■ Stored data ■
────

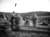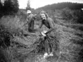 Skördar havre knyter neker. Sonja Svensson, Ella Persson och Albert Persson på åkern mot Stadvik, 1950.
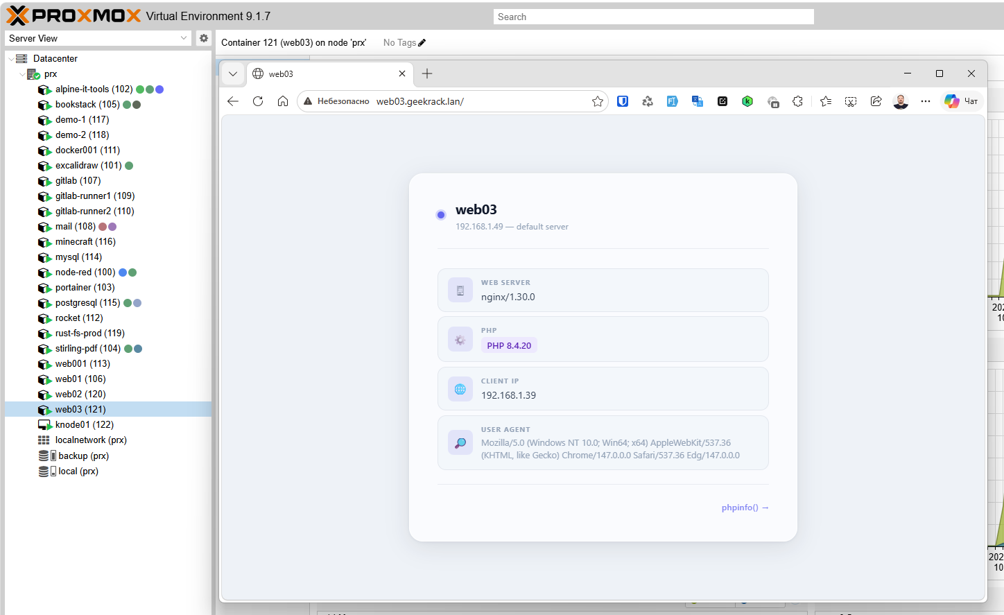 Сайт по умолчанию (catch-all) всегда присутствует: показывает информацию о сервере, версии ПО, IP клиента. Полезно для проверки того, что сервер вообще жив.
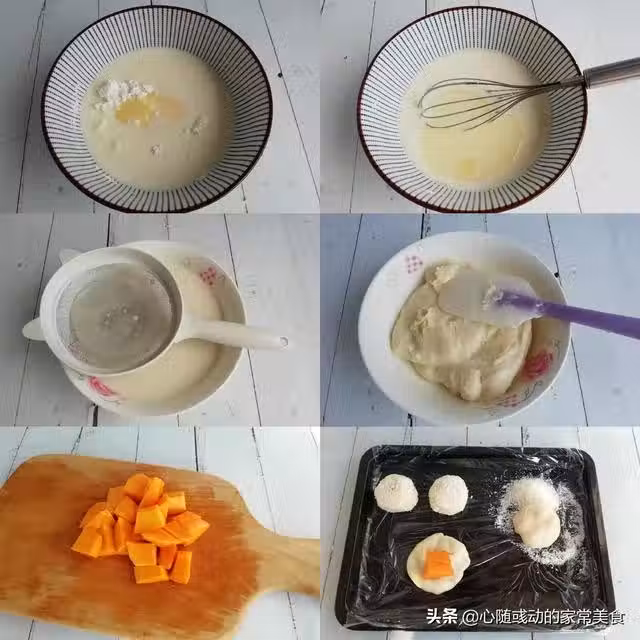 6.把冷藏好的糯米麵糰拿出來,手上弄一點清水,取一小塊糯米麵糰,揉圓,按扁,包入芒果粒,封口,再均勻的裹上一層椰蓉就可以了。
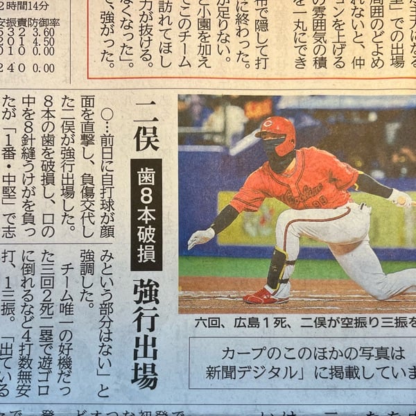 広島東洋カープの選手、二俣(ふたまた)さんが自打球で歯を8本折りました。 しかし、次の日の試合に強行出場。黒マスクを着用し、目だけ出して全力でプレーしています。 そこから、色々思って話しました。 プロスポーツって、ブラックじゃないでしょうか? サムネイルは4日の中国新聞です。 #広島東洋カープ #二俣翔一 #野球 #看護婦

────

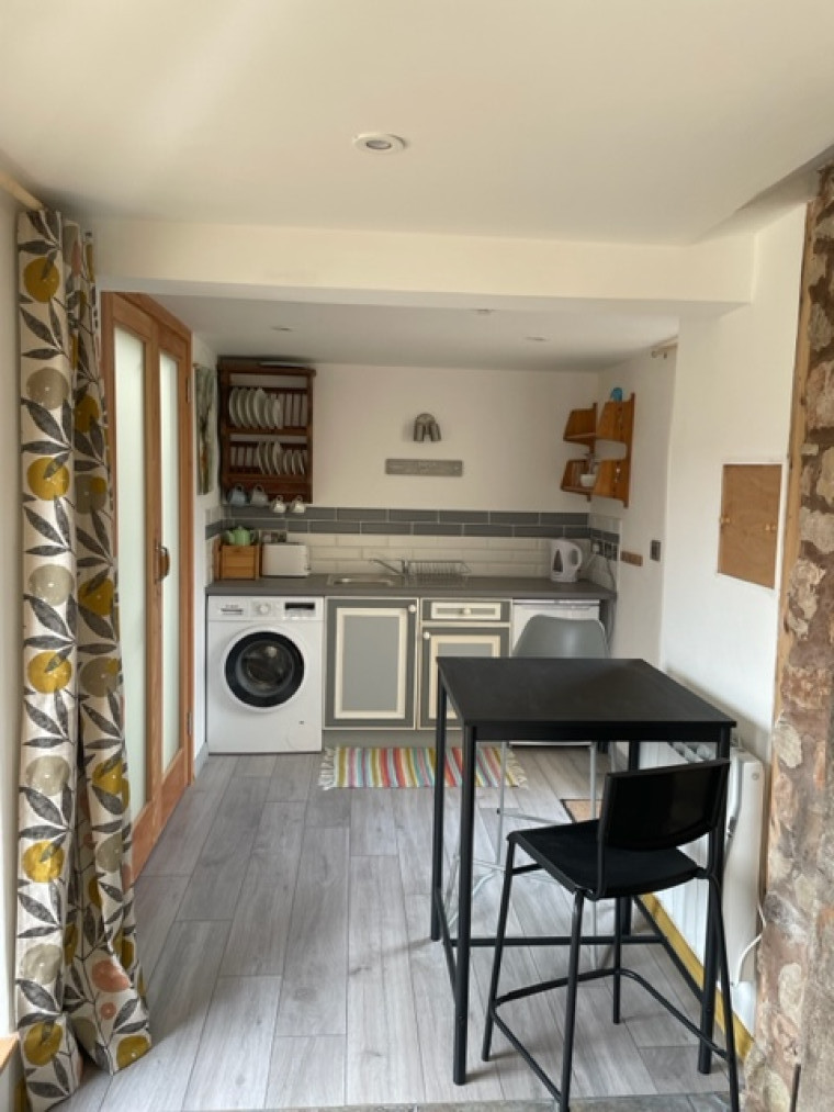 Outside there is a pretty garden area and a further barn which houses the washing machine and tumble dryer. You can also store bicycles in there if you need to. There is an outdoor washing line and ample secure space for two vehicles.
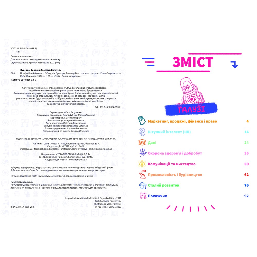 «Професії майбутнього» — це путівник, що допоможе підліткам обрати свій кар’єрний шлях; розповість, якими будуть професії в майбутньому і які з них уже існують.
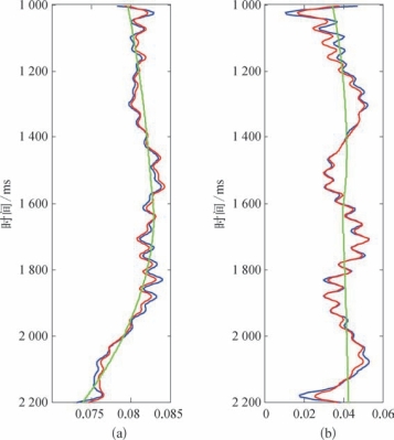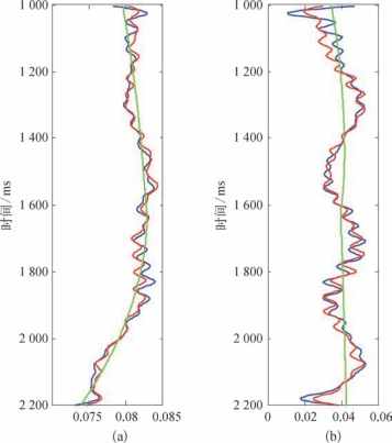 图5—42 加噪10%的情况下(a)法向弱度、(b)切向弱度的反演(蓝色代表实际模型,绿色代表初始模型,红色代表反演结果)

────

■ Your task ■
Your answer must be everything above from the line with "Skördar havre knyter" down to the line with "#二俣翔一 #野球 #看護婦", word for word, and no pictures.

■ Answer ■
 Skördar havre knyter neker. Sonja Svensson, Ella Persson och Albert Persson på åkern mot Stadvik, 1950.
 Сайт по умолчанию (catch-all) всегда присутствует: показывает информацию о сервере, версии ПО, IP клиента. Полезно для проверки того, что сервер вообще жив.
 6.把冷藏好的糯米麵糰拿出來,手上弄一點清水,取一小塊糯米麵糰,揉圓,按扁,包入芒果粒,封口,再均勻的裹上一層椰蓉就可以了。
 広島東洋カープの選手、二俣(ふたまた)さんが自打球で歯を8本折りました。 しかし、次の日の試合に強行出場。黒マスクを着用し、目だけ出して全力でプレーしています。 そこから、色々思って話しました。 プロスポーツって、ブラックじゃないでしょうか? サムネイルは4日の中国新聞です。 #広島東洋カープ #二俣翔一 #野球 #看護婦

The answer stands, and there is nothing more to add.